31.5.04

Rio do Rio

Caio Junqueira

Parece piada, mas é verdade. Está em estudo no Rio um projeto de separar o Estado da capital. Parece que o Rio ficou muito mal acostumado sem o leite do Estado e anos depois busca uma solução paliativa para enfrentar a sua economia pífia e seu orgulho grande.
A socióloga Aspásia Camargo, o secretário municipal Alfredo Sirkis e o deputado Fernando Gabeira (PV-RJ) são algumas das “cabeças do movimento”.
De acordo com a socióloga, o Rio sofreu dois “estupros institucionais”: deixar de ser a capital do país, em 1960, e ter sido obrigado a unir-se ao Estado, em 1975.
“A mudança da capital dos Estados Unidos, da Filadélfia para Washington, levou décadas, quase cem anos. A mudança de Bonn para Berlim levou dez anos, foi muito negociada, Bonn fez um pacto para redefinir suas novas funções, que incluiu dinheiro. O Rio, ao contrário, perdeu a capital e nada foi negociado.
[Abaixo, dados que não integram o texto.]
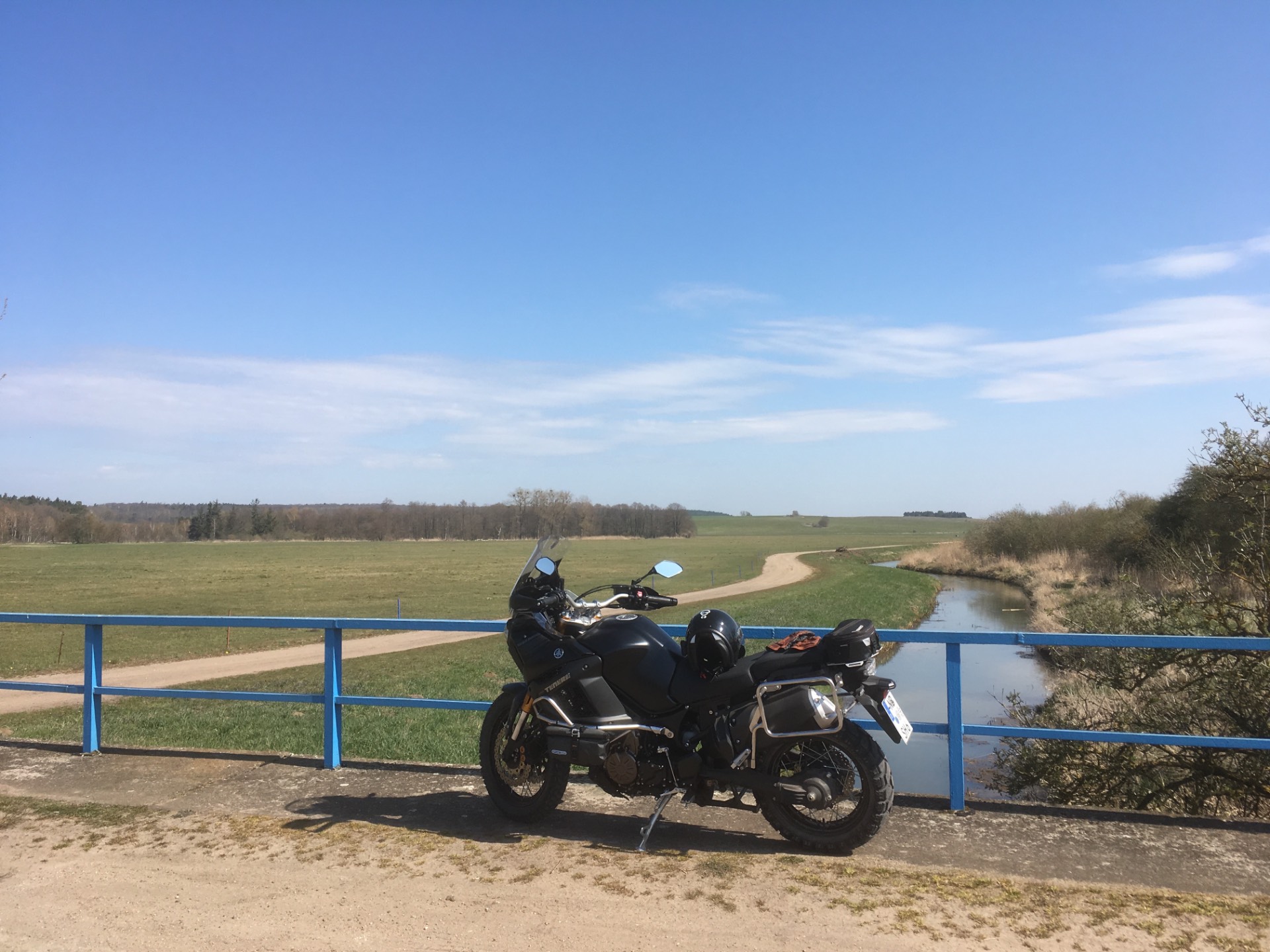 Hab mir gleich die Wald-, Feld- und Wiesenwege vorgenommen, auf denen ich bis jetzt immer Blut und Wasser geschwitzt habe, weil das Motorrad auf ihnen immer fröhlich rumrutschte. Mit den Mitas überhaupt kein Problem. Auch Wege, die ich mich vorher überhaupt nicht getraut habe zu befahren, waren machbar. Selbst eine, von Wildschweinen, umgepflügte Koppel war befahrbar. Tiefer Sand, nasses Gras und Matsch waren nicht dabei. Ich denke, da wäre dann auch Schluss. Bin begeistert. Die paar km auf der Straße waren auch super. Vertrauen ab den ersten Meter. Es rattert, macht Geräusche bis ca. 100km/h und eiert etwas. Zur Kenntnis genommen. Für Unbehagen oder gar eine Beschwerde reicht es nicht. 160 km/h, laut Tacho, geht auch. Ich hätte nie gedacht, daß ein Reifen mit so viel Off Road Performance, sich trotzdem noch so passabel auf der Straße fahren lässt. Und die
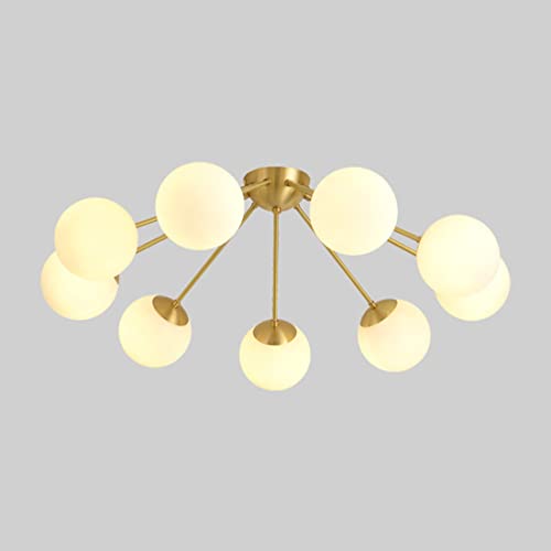 Gold Brushed Brass Lamp Glass Globe Flush Mount Fixtures Contemporary Sputnik Chandeliers Ceiling Lights for Bedroom Living Dining Room Size 9-Light
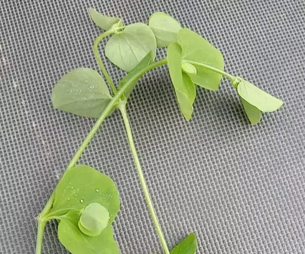 叶片卵状心形,长1-1.5厘米,宽1-1.5厘米,顶端凸尖,具3-5基出脉;叶柄短;托叶数片,小形,白色,刚毛状。
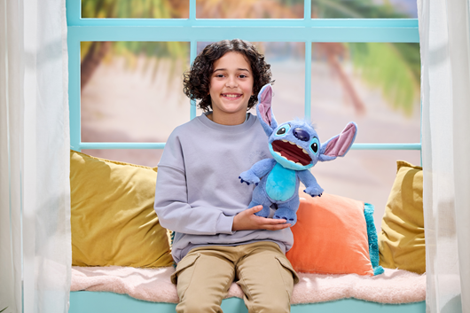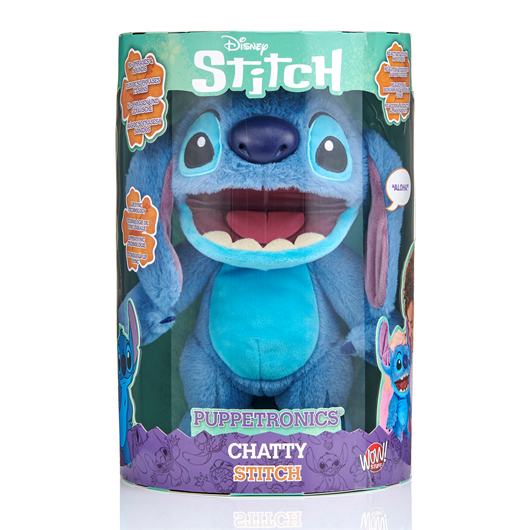 Introducing Disney Chatty Stitch Deluxe Puppetronic, innovation from WOW! Stuff. The newest member of the Puppetronics range where puppetry and animatronics combine to bring Stitch to life. With over 50 phrases and sound combinations hear Chatty Stitch speak in his native tongue of Tantalog with his charming alien voice. Watch as his mouth moves, and head turns, all while responding to your touch! With advanced lip sync technology, every phrase is triggered with Stitch’s mouth movements adding an exciting layer to playtime. Packed full of play value you can showcase Stitch's moods (mischevious or grumpy), using a simple press of one of 3 buttons located inside Stitch's head. An easy to press third button allows you to trigger hero sounds from Stitch, where he will speak some of the favourite sayings associated with experiment 626. Our favourite aliens animatronic features combined with delightful puppetry create a captivating experience for kids and adults alike! Standing at nearly 30cm tall, Chatty Stitch is the ideal size for hugs, cuddles, and endless imaginative adventures. His soft and cuddly design makes him a cherished friend that kids will adore. Unlock unique special features and a whole new world of interaction when you pair Chatty Stitch with Chatty Angel (sold separately), they both share moods, will chat away to each other and fully interact like no other Puppetronic.
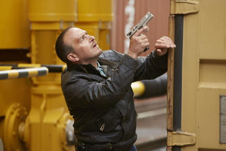 Semir (Erdogan Atalay) wird an einem Kabel den Verladekran hochgezogen und riskiert sein Leben, um Nina zu retten...
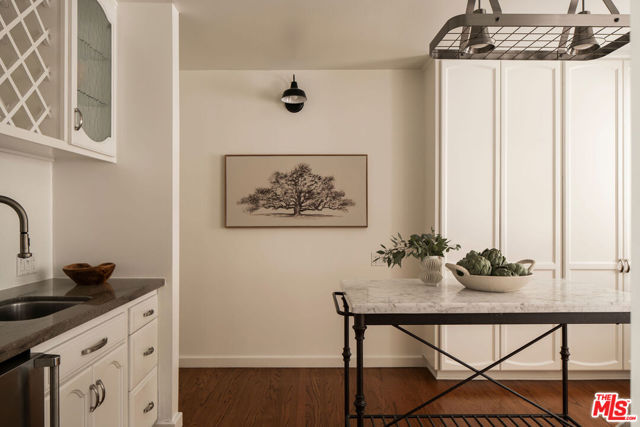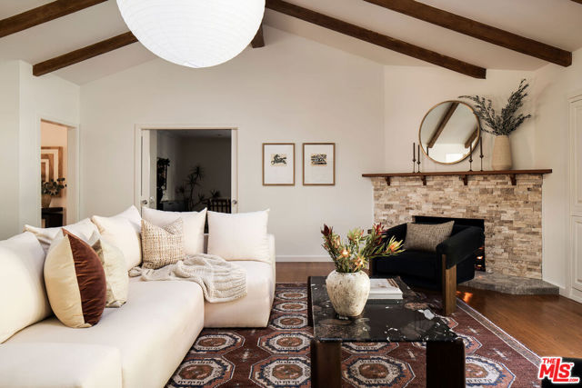 Set on an oversized 14,715 sq ft lot across from the historic grounds of Lakeside Golf Club, this single-story Traditional sits on one of the most sought-after streets in the San Fernando Valley, long valued for its privacy, scale, and quiet sense of prestige. The home unfolds through a series of generous, light-filled rooms that prioritize flow, comfort, and separation of space. Vaulted, wood-beamed ceilings and multiple fireplaces lend warmth and scale to the main living areas, while French doors throughout reinforce a seamless relationship between interior rooms and the outdoors. The layout allows for both gathering and retreat, with a distinct primary suite positioned separately from the secondary living spaces, offering privacy and a calm sense of removal. The kitchen has been designed with longevity and functionality in mind, featuring a Miele dishwasher, a Sub-Zero refrigerator, Bosch double ovens, a built-in coffee station, and a breakfast nook complemented by a wet bar and beverage refrigerator. Bathrooms have been updated with stone surfaces and pedestal tubs, maintaining a restrained material palette that respects the home's original character while providing modern comfort. Outside is where the property truly comes to life. Mature trees, refreshed landscaping, and winding garden paths create a private, park-like setting, anchored by a recently updated heated pool that's ideal for everyday use or entertaining. A separate office or gym with its own entrance adds flexibility for work or creative space, and a two-car attached garage provides everyday convenience. With its oversized lot, private outdoor oasis, and it's position along Valley Spring Lane, the property presents an opportunity to enjoy immediately while also offering meaningful potential for future expansion or reimagining allowing a new steward to build upon a timeless setting in one of Toluca Lake's most enduring residential pockets.
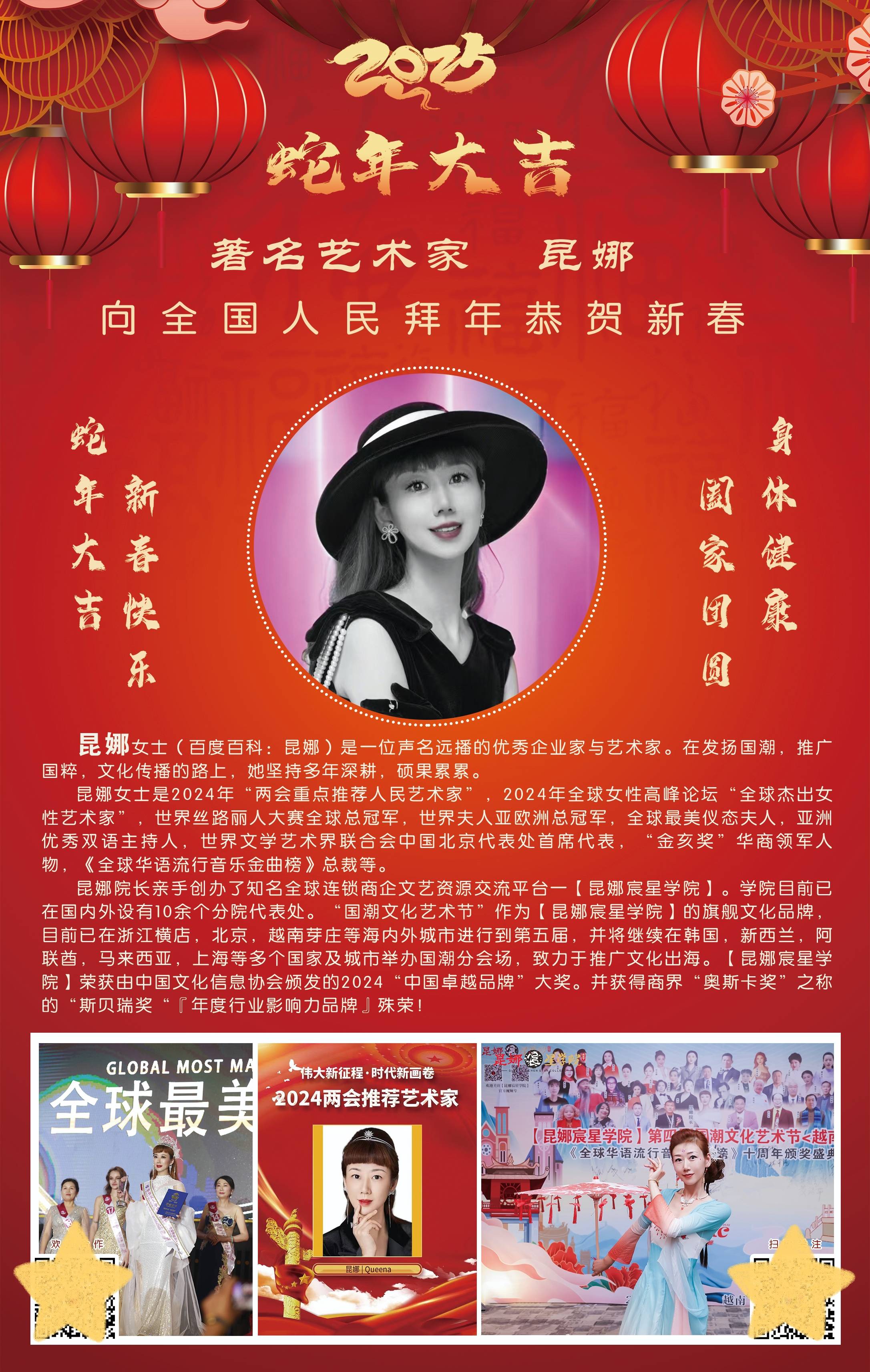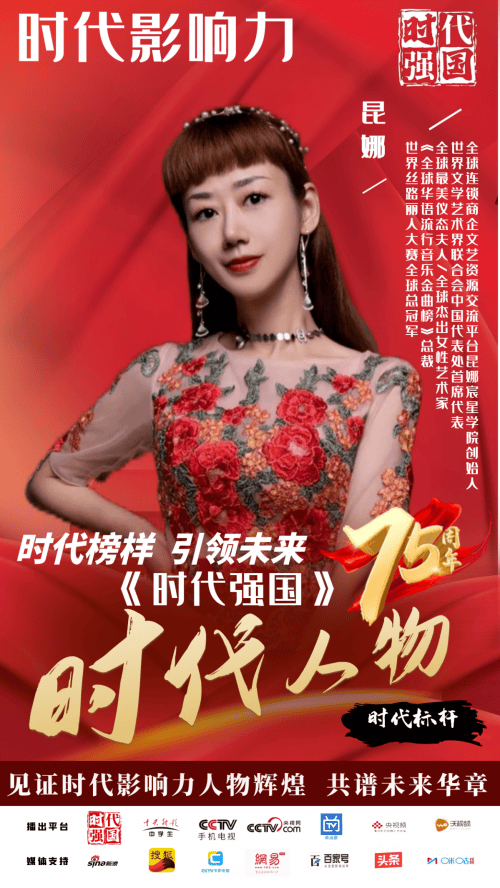 昆娜女士,现任知名全球连锁商企文艺资源交流平台——【昆娜宸星学院】院长,《昆娜名人访谈》栏目主持人,“国潮文化艺术节”品牌创始人兼组委会主席。
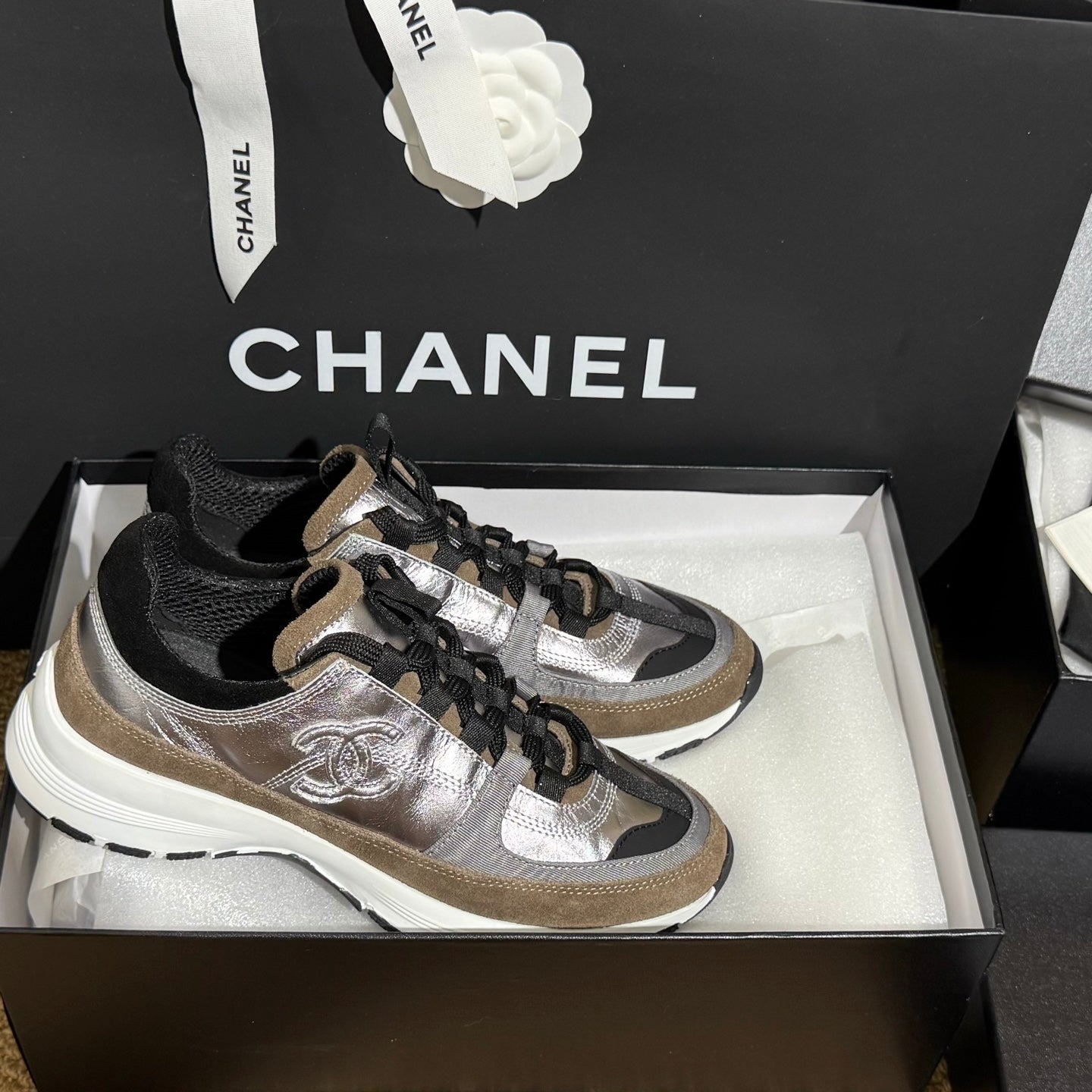 CC 25A Trainers Silver Black Brown Laminated Calfskin And Suede Calfskin352118
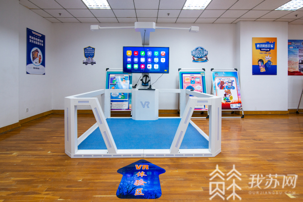 在现场记者看到,整个VR体验馆占地面积约150平方米,一期投资15万元,与学校餐厅、图书馆、运动馆紧密相连,是扬州大学的“闹市区”,日均接待学生人数达200人以上。
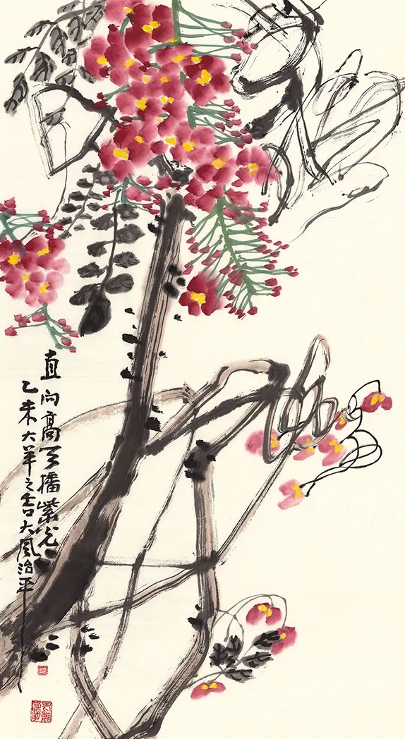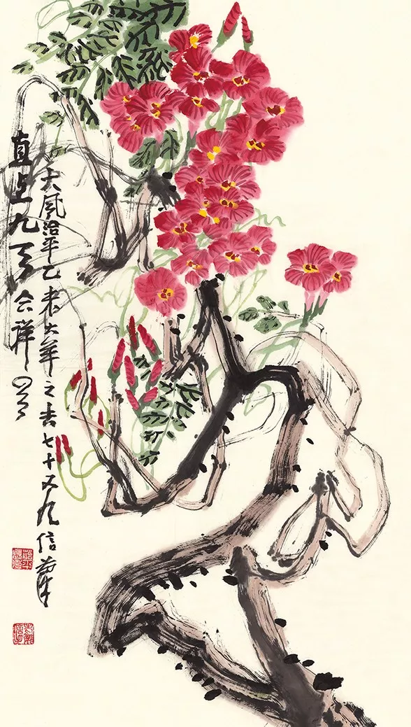 魏治平的藝術(shù)貴于創(chuàng)造,以書法入畫,畫中常見有篆書筆意。三十年前長江日報總編海洋先生,曾提筆寫下《魏瘋子傳奇》,洋洋灑灑八千言,一時間荊楚大地震動。西泠印社理事朱妙根稱其“方寸之間有靈山,紅花墨葉又一派”。西泠印社執(zhí)行社長、中國印學博物館館長劉江先生為其第一本書畫作品集題簽書名。美國前總統(tǒng)老布什收有魏老書法作品“龍蛇競走舞長空、點染梅花分外紅。且賦新詩遙寄意,長江密水兩相通”。印第安納州州立大學博物館大廳懸掛的便是魏老八尺紅梅詩書畫中堂。
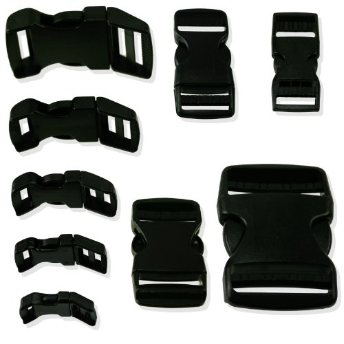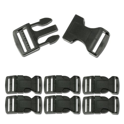 - Quick-release plastic buckles for nylon or canvas straps - strong and durable black thermoplastic
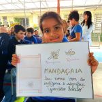 Assim como as abelhas, foi a vez dos alunos buscarem o néctar do conhecimento e polinizar seus novos estudos. Pesquisando sobre o inseto trabalhador, as crianças já reuniram informações para cartazes, textos, ilustrações e apresentações. Caroline e sua turma, do 3o ano, fizeram um mural sobre as abelhas. “É um mural de curiosidades. Uma delas é que as abelhas mandaçaia constroem seus ninhos em um tronco, onde armazenam muitos litros de mel”, conta ela.

No espaço de um ano tudo acabou.”
Em outras palavras, ela diz que se Bonn ou Filadélfia tivessem virado capitais de seus países rapidamente teriam “sofrido” com a transição, assim como o Rio “sofre”, desde os anos 60 e 70 devido a perda do status quo de capital brasileira.
Esquece a socióloga que a mesma Berlim foi arrasada durante a Segunda Guerra Mundial e em alguns anos o seu lado ocidental _mesmo sem ser capital do Alemanha, já era muito mais desenvolvida que o seu lado oriental, que era capital de Estado.
Ocorre que deve ser muito difícil acostumar-se com mais de 100 anos de realeza e paparicos oficiais e de repente ver-se sem as amamentações que a fizeram grande.
É preciso enxergar que o que fez Bonn ou Filadélfia continuarem sendo boas cidades não foi o longo processo de transição, mas a cultura americana e alemã, focadas no trabalho, na disciplina e na visão de planejamento, virtudes que não fazem parte da maioria dos cariocas, paulistas e brasileiros.
Contudo, se por um lado o projeto é condenado pelas próprias razões que o motivam, por outro lado ele pode servir de uma colírio oficial aos cariocas, que poderão por meio dele refletirem sobre os reais caminhos que conduzem uma cidade ou um Estado ao desenvolvimento.

GRANDES FORAS DA VIDA DE UM FOCA
Roda de jornalistas cercam a dondoca-prefeita-mulher-de-gringo-bonitão Marta Suplicy, no dia seguinte em que o piloto americano fez um fuck you para as máquia fotográfica da Polícia Federal, no aeroporto de Cumbica.
Entre perguntas diversas, "das que a prefeita gosta de responder", vira o repórter Pantaleão Pantoja:
-Prefeita, o que a senhora achou da atitude do piloto americano que fez o gesto ontem?
-Não sou obrigada a responder isso, diz a loira sangue-azul, na frente de todos os jornalistas, deixando Pantaleão magoado.
Pantaleão concorda que não foi uma pergunta sobre um grande assunto. Mas também concorda que a prefeita não pode se esquivar de responder alguma coisa que tenha sido manchete de todos os jornais do dia.
Pantaleão jura que deu vontade de repetir o gesto do piloto americano para a prefeita Marta.

"DEUS ME DERA TIVESSE EU NASCIDO MUDA"
Aconteceu durante coletiva com o ex-presidente FHC durante inauguração do Instituto FHC, em São Paulo.
Na mesa, alguns ilustres, como os ex-primeiros-ministros da França, Lionel Jospin, e o filósofo espanhol Manuel Castells.
Uma jornalista de um canal de TV faz a pergunta:
- "O senhor não acha contraditório criar um instituto de pesquisa com esse orçamento mensal (R$ 150 mil mensais) em um país com tanta miséria como o Brasil?"
-"Contraditório é ter esse pensamento que você está tendo. Um país com tanta miséria precisa mesmo é de centros de estudos e pesquisas, como o iFHC", diz o FHC, o homem que ficou oito, mas que se pudesse ficaria dezoito.

LEMBRETE
São Paulo nunca foi capital do país. Há pouco mais de 120 anos era uma vila pobre, suja, periférica e abandonada pelo governo.

LIECHTENSTEIN TROPICAL
Se o sucesso do Rio depende da sua condição de capital brasileira, que a cidade se transforme em um reinado, independente do restante do Estado e do país. Benedita da Silva seria a cara da monarquia carioca.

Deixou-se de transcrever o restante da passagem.